> **Work required**
Write out exactly, excluding pictures, the lines from the one containing "Step into a" through the end of the data, both included.

> **Exercise data**
Content starts

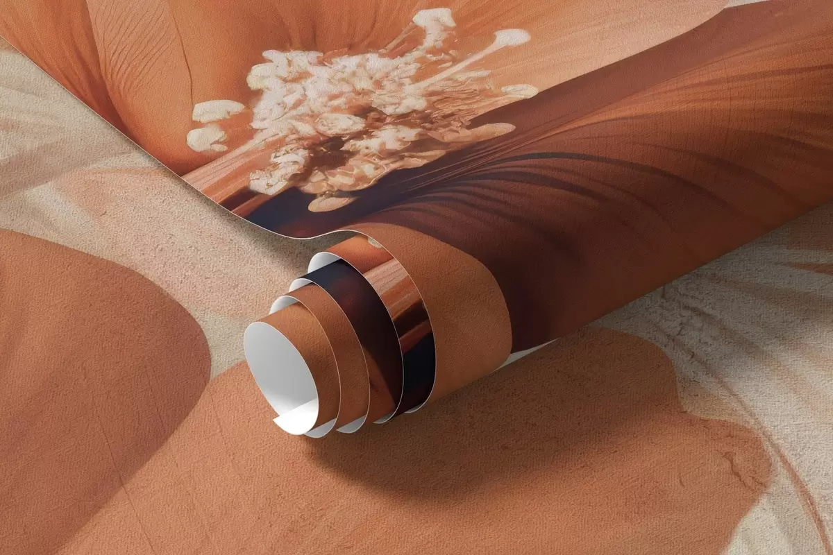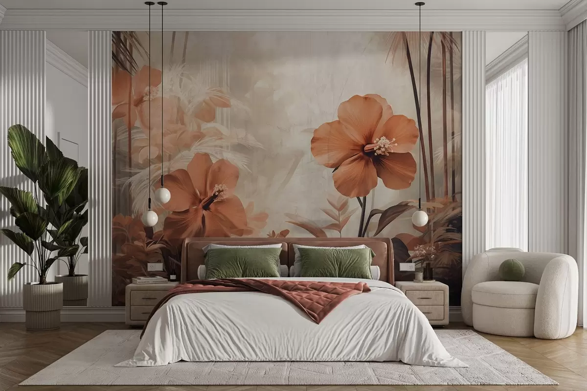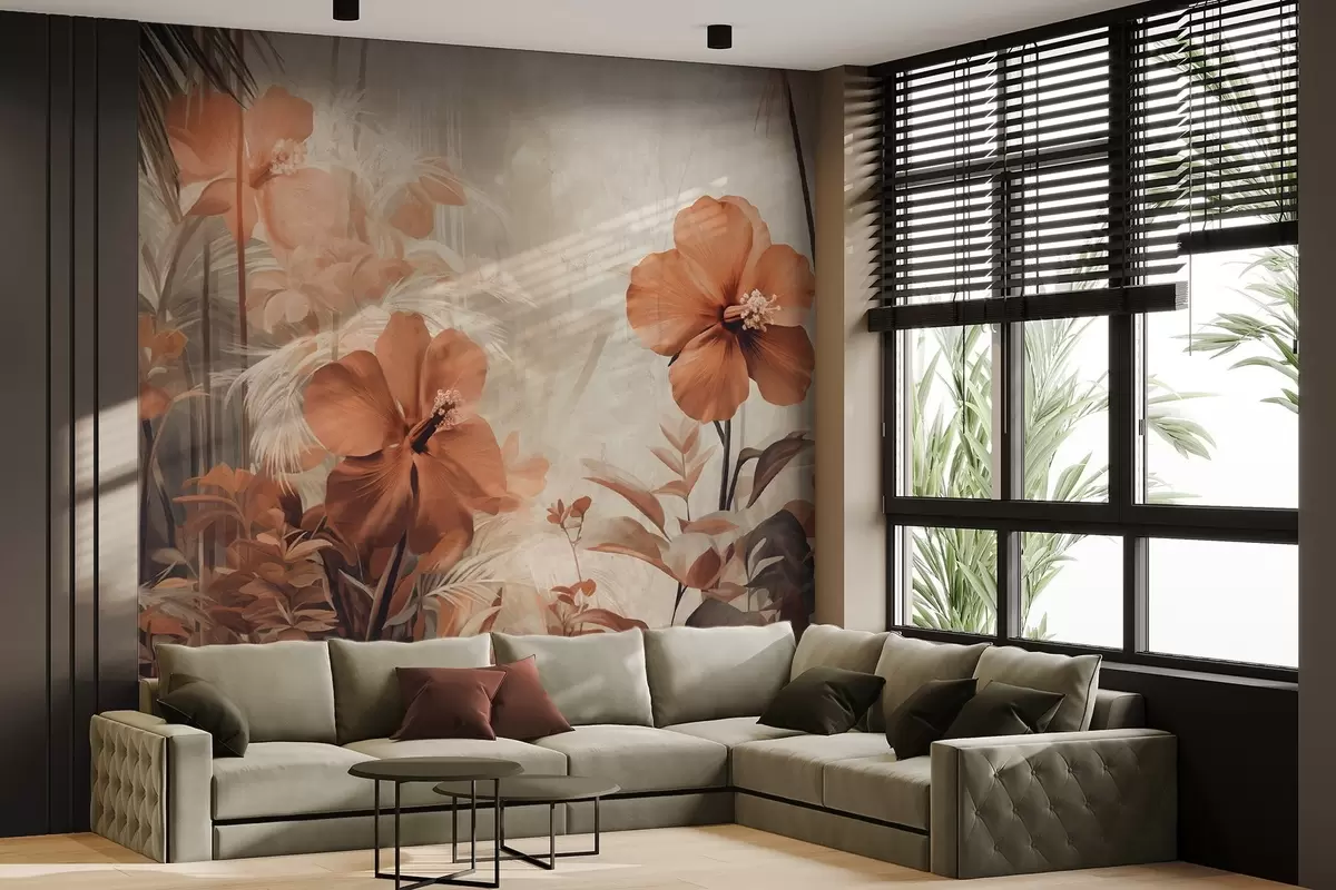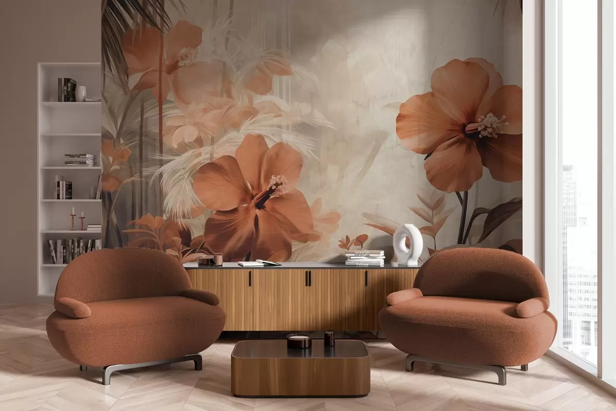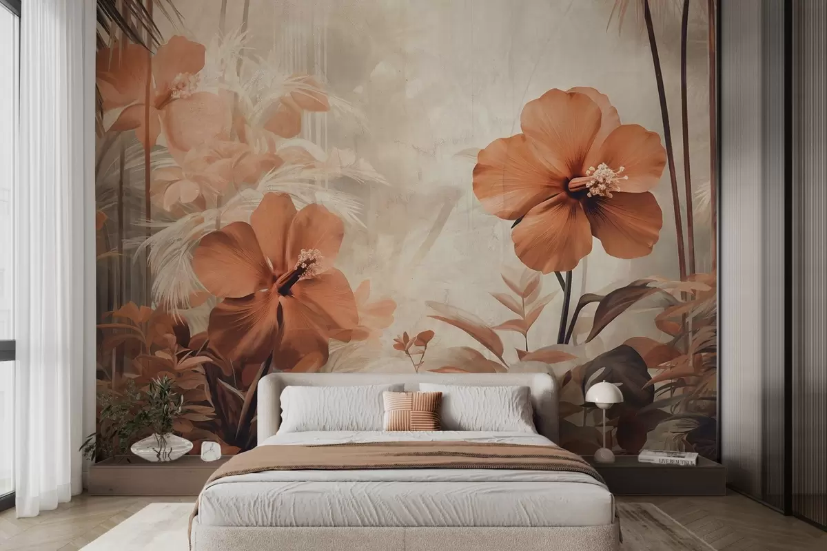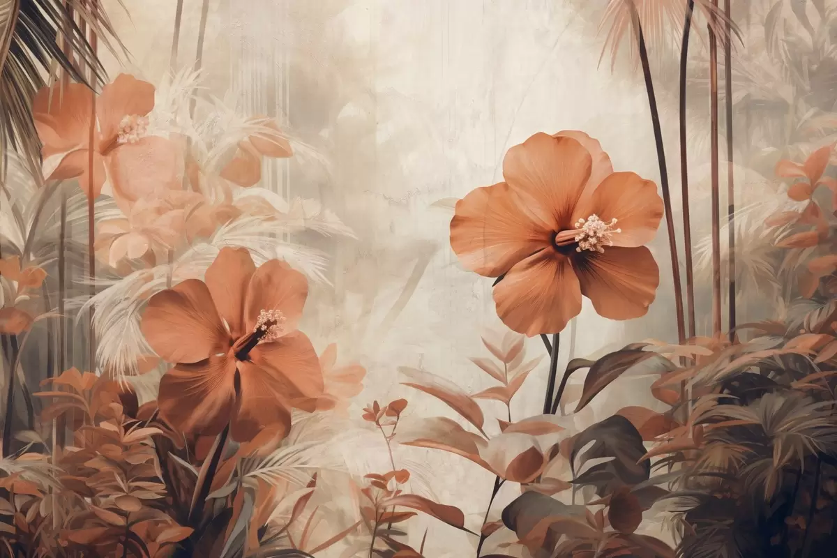 Valokuvatapetti Pastellinpunaisia hibiskuskukkia lehtien ja varsien kanssa, trooppinen kasvillisuus, pehmeät, hillityt värit, vintage-tyyliin Nr w09203
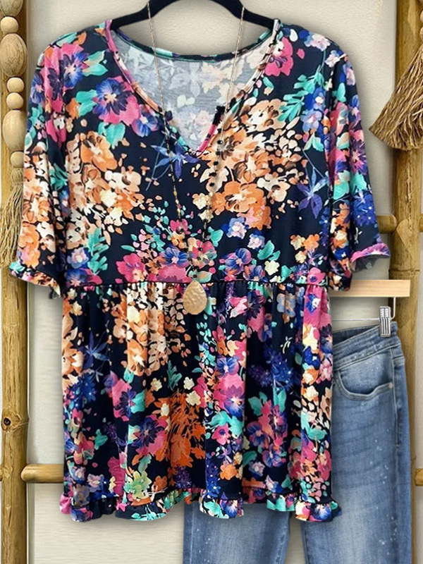 Step into a whimsical and playful world with this top, featuring a Secret Garden-inspired floral print and double ruffle accents. The adorable baby doll silhouette and feminine notched V-neck detail combine to make this T-shirt a charming and delightful choice.
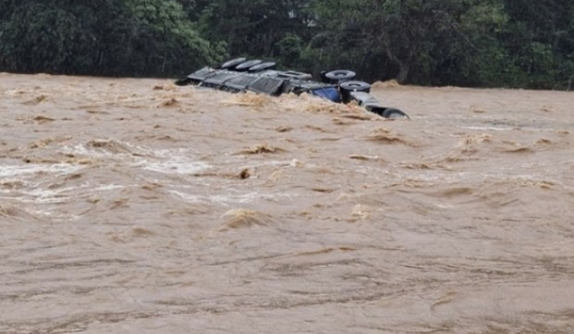 Chiếc xe bị nước lũ cuốn khi cố ý vượt ngầm tràn đang ngập nước. Ảnh: Người dân cung cấp
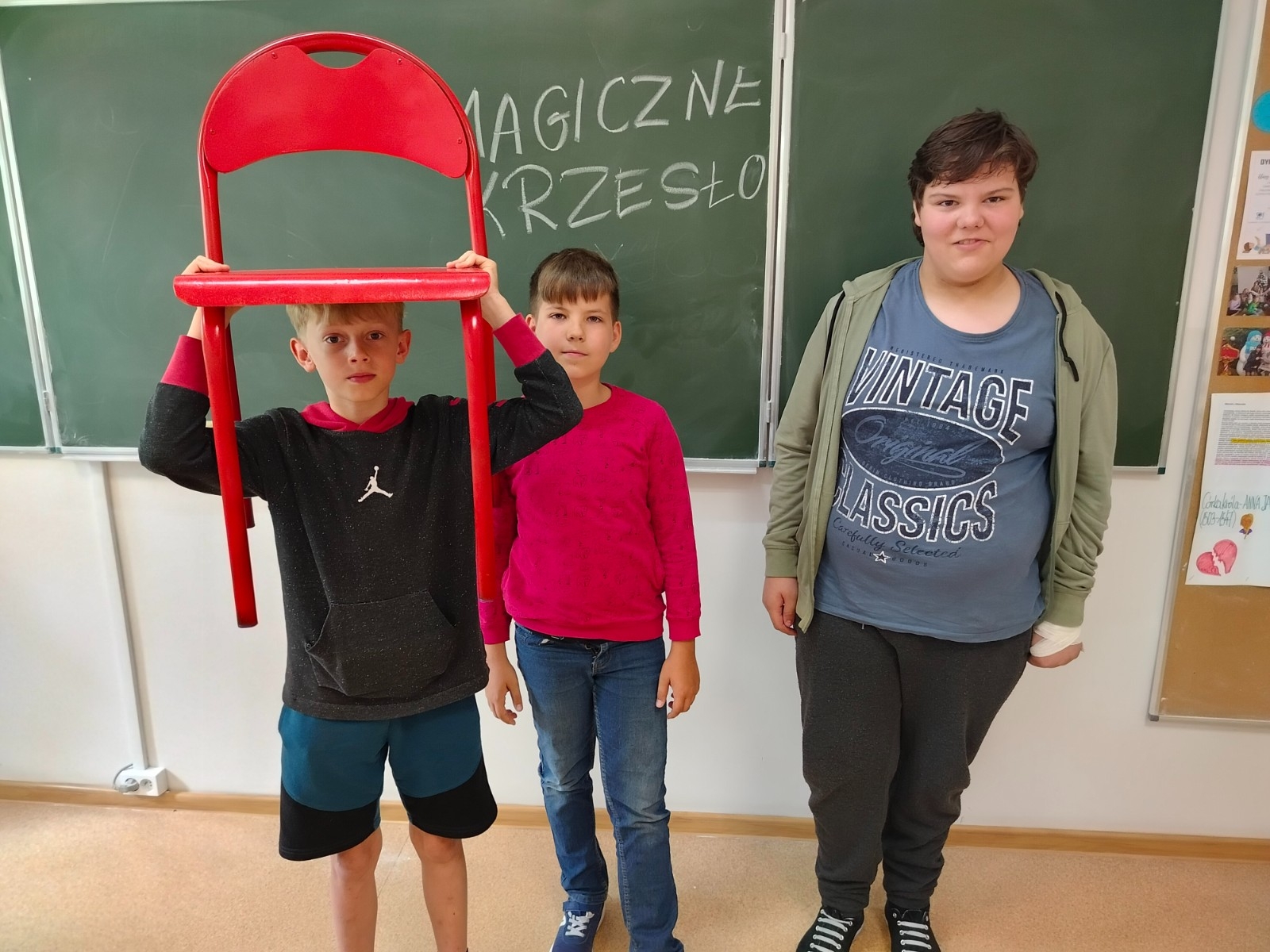 Czerwone krzesło na lekcji języka polskiego

Content ends

> **Solved exercise**
 Step into a whimsical and playful world with this top, featuring a Secret Garden-inspired floral print and double ruffle accents. The adorable baby doll silhouette and feminine notched V-neck detail combine to make this T-shirt a charming and delightful choice.
 Chiếc xe bị nước lũ cuốn khi cố ý vượt ngầm tràn đang ngập nước. Ảnh: Người dân cung cấp
 Czerwone krzesło na lekcji języka polskiego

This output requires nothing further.